AUGUSTA — City councilors and school board members elected in November will be sworn in Thursday, then councilors will meet to discuss when to fill vacancies that resulted on both boards from November’s election.

Some councilors want to hold a special election to fill the council and school board vacancies in June at the same time as the school budget referendum, but others want to hold it as soon as possible.

Elected in November and scheduled to be sworn in Thursday are councilors Jeffrey Bilodeau, at large; Linda Conti, Ward 1; Anna Blodgett, Ward 4; and school board members Kimberly Martin, chairwoman; Jennifer Neumeyer, at-large; Deborah Towle, Ward 2.

State Attorney General Janet Mills will swear in the newly elected officials at the inauguration and council meeting, which begins at 7 p.m. Thursday in council chambers at Augusta City Center.

Mayor David Rollins was also elected in November, but because he was elected to fill the remaining year left on William Stokes’ term, he was sworn into office sooner, in November. Stokes resigned July 31 when he was appointed superior court justice.

Rollins’ and Martin’s new roles created one vacancy each on the council and school board. Rollins was an at-large councilor, and Martin, until she is sworn in as chairwoman Thursday, is an at-large school board member.

Councilors have previously discussed, without reaching consensus, when to hold a special election to fill the two vacancies. Some councilors wanted to wait until June, when a referendum vote on the school budget is planned. Others, however, said the city charter calls for such elections to be held “as soon as practical” and thus the city should not wait until June to hold an election to fill the spots.

City Manager William Bridgeo said a typical citywide special election costs between $7,000 and $10,000.

Councilors are also scheduled to discuss joint city and state proposals to add a sidewalk to Civic Center Drive between Community Drive and Darin Drive and to lengthen the Kennebec River Rail Trail a short distance to connect to the city’s waterfront park on the west side of the Kennebec River, making the park the trail’s northern trailhead.

Bridgeo said city and state officials have talked for years about the need to install a sidewalk on the heavily traveled, multi-lane section of Civic Center Drive, which runs past the Augusta Business Park, Augusta Civic Center and Marketplace at Augusta in north Augusta.
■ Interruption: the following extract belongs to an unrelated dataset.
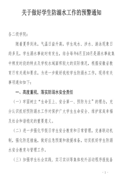 关于做好学生防溺水工作的预警通知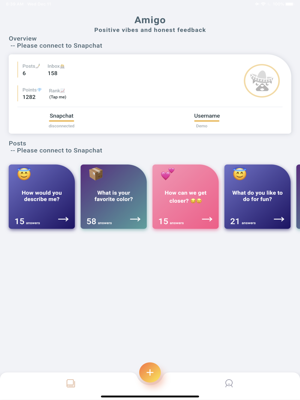 See what your friends think! Amigo allows you to post questions on Snapchat and receive anonymous feedback! <3

The stretch includes several on and off ramps to Interstate 95.

“This is something the state and city have been contemplating as a safety measure for several years,” said Bridgeo. “It was just awaiting funding to become available.”

Lionel Cayer, city engineer, said the state Department of Transportation has approved the state funding share of the approximately $390,000 cost of building the sidewalk, which he said would be on the west side of the road, the Augusta Civic Center side.

Cayer said the project is scheduled for construction this year, though additional rights of way still need to be secured first.

Bridgeo said the city’s 20 percent share of the project cost, or about $78,000, could be paid with money collected in the city’s natural gas tax increment financing account, meaning it would not require additional tax dollars.

Bridgeo said having the northern trailhead for the Kennebec River Rail Trail be in the city’s waterfront park was “on the drawing board since the rail trail was originally designed.”

The trailhead is currently under Memorial Bridge, adjacent to the parking lot for Maine State Housing Authority. The proposal would connect the rail trail to a walkway in the city park, which is only about 500 feet away. The trail, Bridgeo noted, would zig zag back and forth to get down a steep hill between the two sites.

Cayer said the state DOT has also approved the state’s 80 percent share of the $282,000 total cost of the trail connection, and it is slated for construction this year.

Bridgeo said the city’s $56,000, or 20 percent, share of the project cost could come from downtown tax increment financing money.

Also Thursday councilors are scheduled to have a presentation on state DOT plans to realign the Interstate 95 Exit 109B southbound off-ramp so it intersects with Western Avenue at a 90-degree angle with a stop sign. Currently the off-ramp comes into Western Avenue, heading west toward Manchester on a curve with a yield sign. DOT officials said the change is meant to improve safety, because there are too many accidents at the intersection.

Councilors are also scheduled to discuss a possible local clear-cutting ordinance.